Petra: Absolut. Mikulov war von seiner ganzen Infrastruktur her nicht auf ehemalige Groß­städter*innen vorbereitet. Es gab beispiels­weise keine Betreuung für Kinder unter zwei Jahren und keine Freizeit­angebote. Und als meine Tochter in den Kinder­garten ging, musste ich enttäuscht fest­stellen, dass sich seit meiner Kindheit in den 1980er-Jahren nichts geändert hatte. Genauso wenig in der Grund­schule. Die Übungen stammten aus den 1970er-Jahren, und mit ihnen wurde eine Ideologie vermittelt, die einfach nicht mehr zeitgemäß ist und die ich sehr problematisch finde. Den anderen Müttern ging es ähnlich wie mir. Als wir uns im Rathaus mit unseren Sorgen zu Wort meldeten, haben die Verantwortlichen uns angesehen wie Außer­irdische und gesagt: „Wo ist das Problem, es gibt doch alles!“ Daher war ich sehr froh, als mich ein Freund auf das Programm „Taking the fear out of local politics“ aufmerksam gemacht hat. Das war genau die Unter­stützung, die ich in dem Moment brauchte, um wirklich politisch aktiv zu werden.

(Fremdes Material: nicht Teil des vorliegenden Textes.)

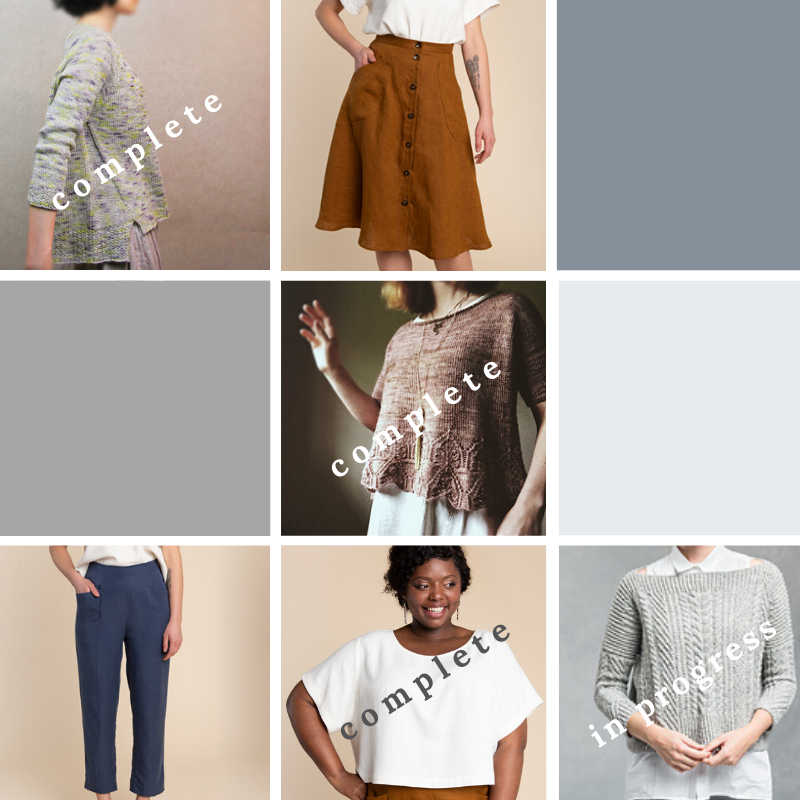 - Finish knitting the Ondawa sweater, and sew the Fiore Skirt and Pietra Pants by Closet Case Patterns for Make Nine
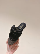 CC JEWELED MULE WITH SILK BOW AND BLACK LAMBSKIN
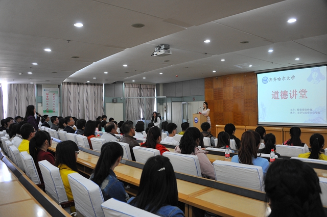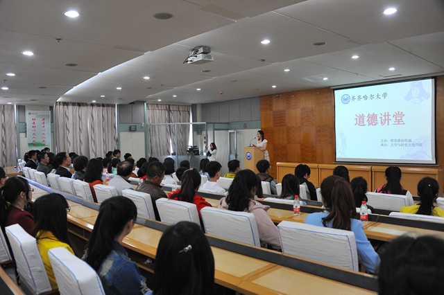 5月7日下午,我校在西区主楼学术报告厅举办了题为“知礼守信 厚德端行”的大学生道德讲堂活动。市文明办副主任赫萍出席活动。我校党委宣传部部长王晓梅,党委宣传部副部长孟宪国、何强,文学与历史文化学院党委书记张振民、副院长肖国栋和党委副书记、副院长邓树强,音乐与舞蹈学院党委副书记、副院长任华等部(学院)领导、师生代表200多人参加了此次活动。本次活动由校党委宣传部主办,文学与历史文化学院承办。《齐齐哈尔日报》、齐齐哈尔新闻网等媒体记者对道德讲堂活动进行了热忱采访报道,扩大了活动的辐射面。
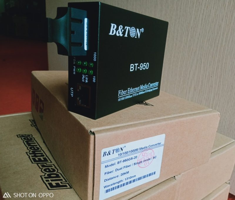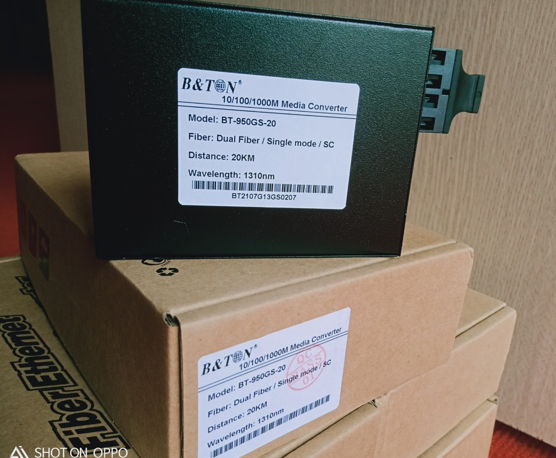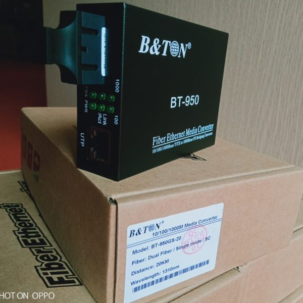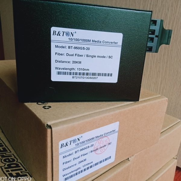 - Bộ chuyển đổi quang điện BT-950GS-20 Single mode 10/100/1000M khoảng cách 20Km, 2 sợi quang là bộ chuyển đổi quang điện Media Converter 10/100/1000 Base-Tx, Single mode cho khoảng cách truyền 20km, tối ưu chi phí cho những dự án lớn mà dây cáp đồng trục thông thường không thể đi xa. Sản phẩm bảo hành 12 tháng (1 đổi 1). Adaptor bảo hành 03 tháng. Bộ converter 2 sợi quang BT-950GS-20 cho 2 sợi sử dụng 2 sợi quang để truyền tải tín hiệu, tức là nó sẽ download và vừa upload trên sợi quang riêng biệt. Đây là điểm khác nhau với loại sử dụng 1 sợi quang để truyền tín hiệu

In der internationalen und lokalen Politik sind Frauen ja unter­repräsentiert. Hatten Sie auch das Gefühl, es als Frau besonders schwer zu haben?

Hana (lacht): Unser Bürgermeister hat Kanice 30 Jahre lang mit ziemlich „eiserner Faust“ regiert. Und ich als Frau und Neu­ankömmling musste wirklich viel Zeit investieren, um akzeptiert zu werden. Ich sage bewusst nicht respektiert, weil das vermutlich schon zu viel verlangt gewesen wäre. Und trotz der Wahl zur Bürger­meisterin akzeptieren mich nicht alle.

Wir stärken Demokratie

Petra: Hier war es ähnlich. Ich versuche es aber als meinen Vorteil zu nutzen, eine Frau und ein Neuankömmling im Dorf zu sein, indem ich Fragen stelle, die andere nicht stellen. Diese Fragen können mitunter ein Augenöffner sein: „Du fragst, weil du denkst, es könnte anders sein?“ Und dann setzt der Denkprozess ein: Ja, es könnte anders sein! Natürlich ist es für Menschen, die in der ehemaligen Sowjetunion groß geworden sind, eine neue Erfahrung, in Entscheidungs­prozesse involviert zu werden.

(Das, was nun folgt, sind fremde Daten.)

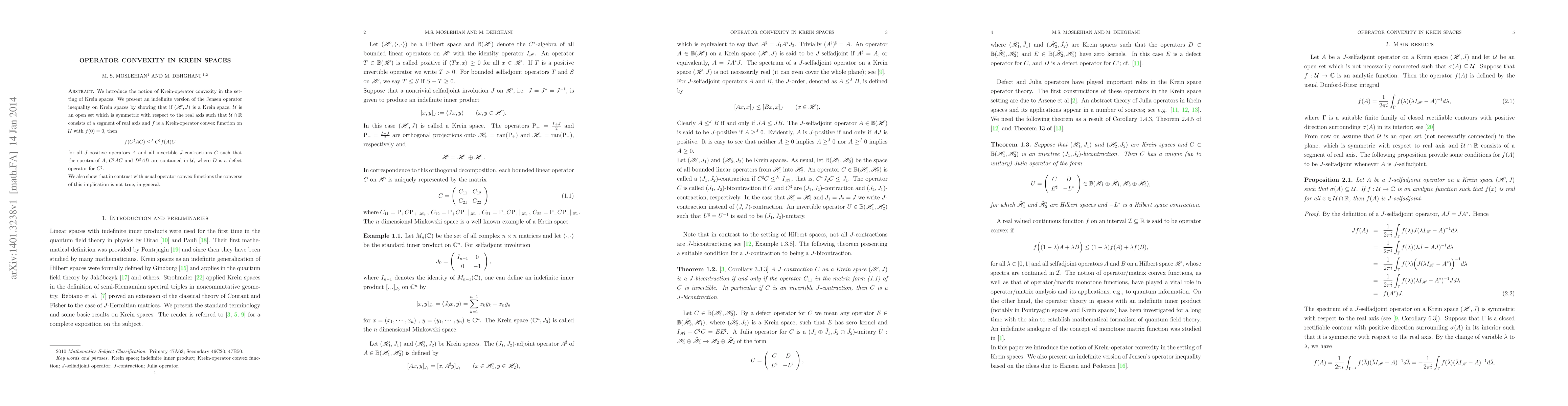 This paper introduces Krein-operator convexity in Krein spaces and proves an indefinite version of the Jensen operator inequality for such functions. It demonstrates that the inequality does not generally hold in reverse, distinguishing it from typical operator convex functions.
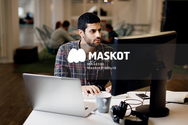Ung man arbetar sent på kvällen med datorer på kreativt kontor
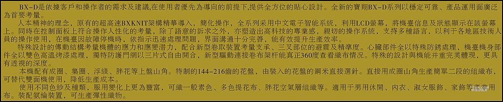 您所在的位置:紡機網(wǎng) > 產(chǎn)品庫 > BX-D-GJ雙面花盤提花針織圓緯機
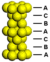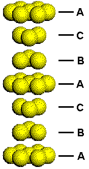This figure shows a portion of a cubic closest packed structure with the layers arbitrarily labeled A, B, and C. Each layer with the same letter has atoms with the same orientation, but the orientations are different in layers with different letters. The difference in the orientation of the three types of planes can be seen by considering how these planes of close packed atoms stack to form a three-dimensional solid. Use the link on the right to either separate or collapse the layers in a CCP structure. |
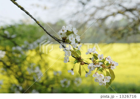 春のフランス地方の菜の花畑バックの桜の枝と花
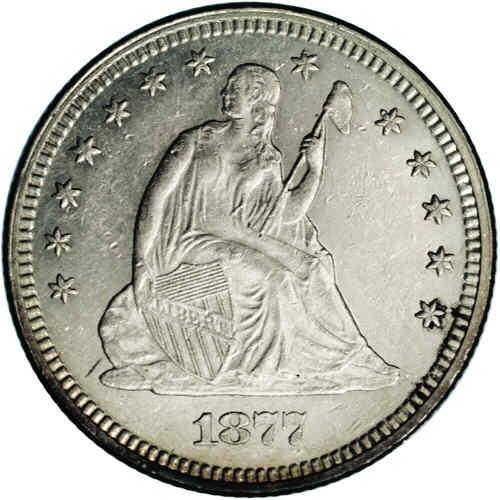 1877 25C AU58 NGC. Type Two Reverse. Delicate gold col 1877[25C] AU58 NGC.
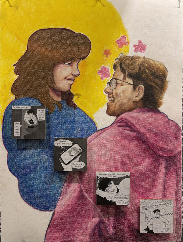In Flag Manifested, Azure Kim explores a deeply personal reflection on trans identity, visibility, and love. The piece blends traditional colored pencil portraiture with comic-style panels to portray a moment of affirmation and emotional intimacy between the artist and his fiancé — also a trans man. While the main image captures a warm, shared gaze under a symbolic yellow halo, the surrounding black-and-white comic fragments give voice to internal dialogues shaped by dysphoria, societal perception, and the long journey of transitioning.
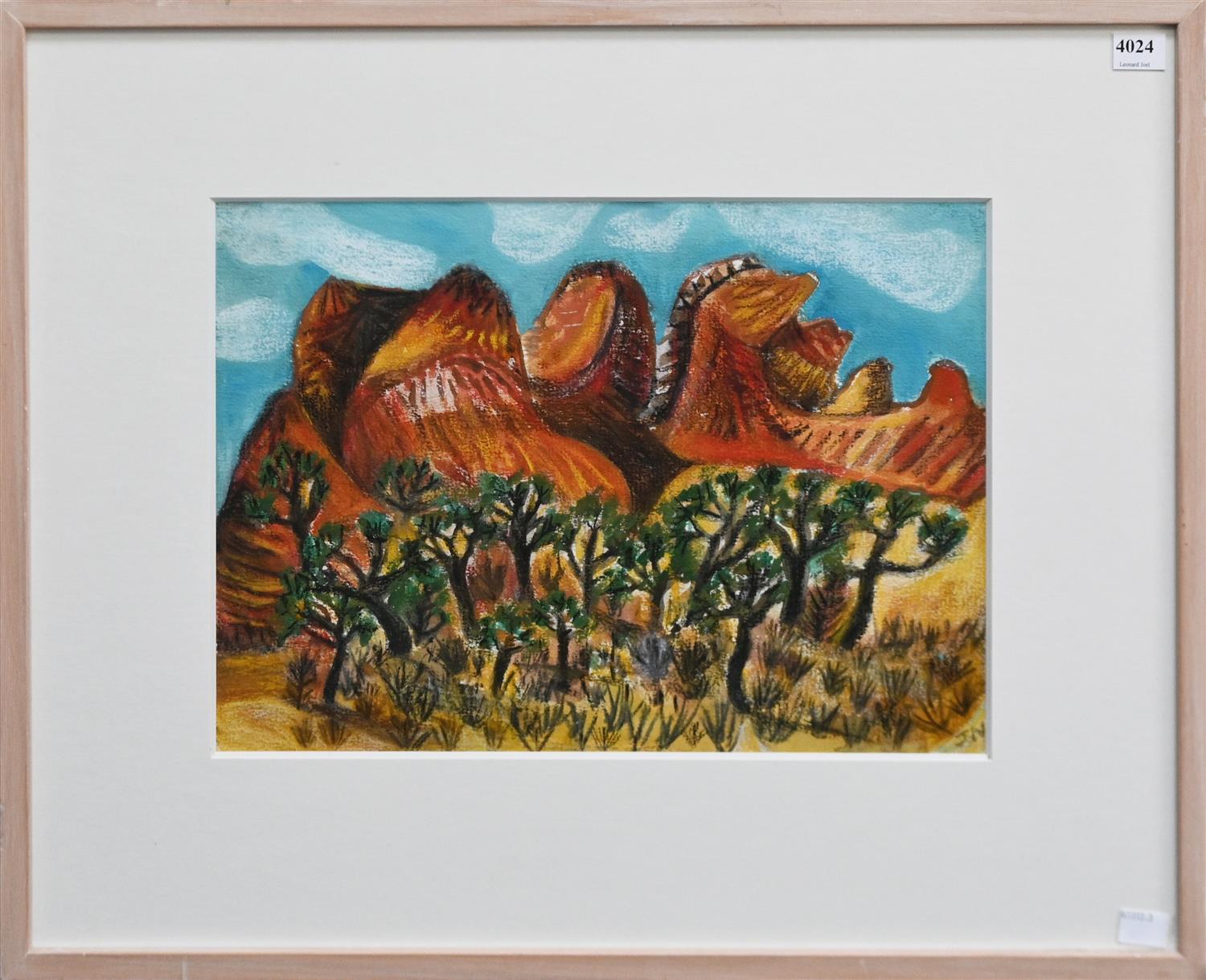 JILL NOBLE , KINGS CANYON 1991, PASTEL AND WASH ON PAPER, INITIALLED LOWER RIGHT, TITLED AND DATED ON GALLERY LABEL VERSO, 27 X 37CM, FRAME SIZE: 48 X 58CM
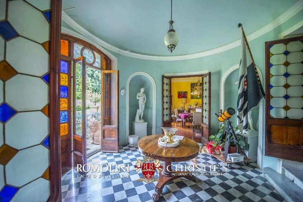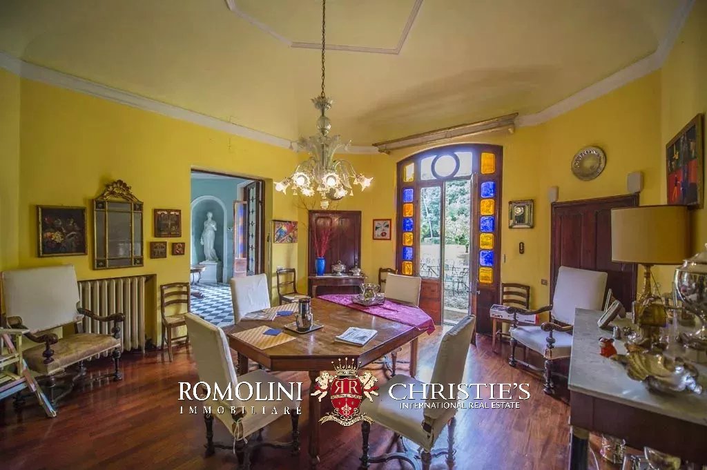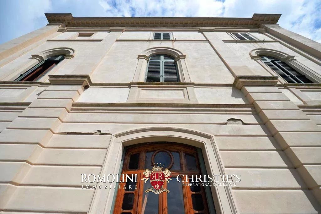 La proprietà è completamente recintata e la villa si accede mediante un sentiero con fiori, panchine e statue. Costruita nella seconda metà del XIX secolo, la villa ha una superficie complessiva di 1.000 mq e si dispone su tre piani con una elegante facciata con balcone.

Nach dem Zerfall der Sowjetunion und der Loslösung von der Slowakei ist Tschechien seit 1993 ein eigener Staat, eine Demokratie, in der die Menschen ihre Meinung, Wünsche und Visionen äußern können.

Hana: So ist es. Entsprechend ermutige ich mein Team und die Menschen in Kanice zur Teilhabe und schaffe Möglichkeiten und rufe Veranstaltungen ins Leben, bei denen sie sich Gehör verschaffen können. „Frag nicht, was dein Land für dich tun kann. Frage, was du für dein Land tun kannst“, lautete das Motto des 35. Präsidenten der Vereinigten Staaten, John F. Kennedy, das ich gerne auf mein Dorf übertrage. Entsprechend versuche ich, meine Nachbar*innen in den politischen Diskurs einzubinden.

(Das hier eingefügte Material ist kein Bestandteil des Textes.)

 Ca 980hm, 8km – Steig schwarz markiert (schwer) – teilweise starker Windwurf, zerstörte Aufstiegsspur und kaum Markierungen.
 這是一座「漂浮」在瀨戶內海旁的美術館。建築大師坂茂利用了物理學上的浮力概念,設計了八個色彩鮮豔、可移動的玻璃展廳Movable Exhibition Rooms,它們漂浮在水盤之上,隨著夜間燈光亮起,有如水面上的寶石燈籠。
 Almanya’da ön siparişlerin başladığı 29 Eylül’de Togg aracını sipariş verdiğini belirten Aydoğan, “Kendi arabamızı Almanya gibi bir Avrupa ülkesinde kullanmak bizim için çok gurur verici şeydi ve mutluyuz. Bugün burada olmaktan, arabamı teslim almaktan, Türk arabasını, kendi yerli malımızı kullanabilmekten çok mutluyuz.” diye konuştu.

Hände hoch zur Abstimmung. Warum es gut ist, sich in seiner Stadt politisch zu engagieren, zeigen die Lokalpolitikerinnen Petra Korlaar und Hana Rakšány Dvořáková aus Tschechien
Hände hoch zur Abstimmung. Warum es gut ist, sich in seiner Stadt politisch zu engagieren, zeigen die Lokalpolitikerinnen Petra Korlaar und Hana Rakšány Dvořáková aus Tschechien © Getty Images

Hat Ihnen das Programm dabei geholfen?

Hana: Ja, es hat mir viel Selbst­vertrauen gegeben. Und natürlich praktische Werkzeuge und den Rahmen für einen Austausch. Dadurch konnte ich sehen, dass wir alle mit ähnlichen Heraus­forderungen zu kämpfen haben – egal ob wir uns in kleinen Dörfern oder größeren Städten engagieren.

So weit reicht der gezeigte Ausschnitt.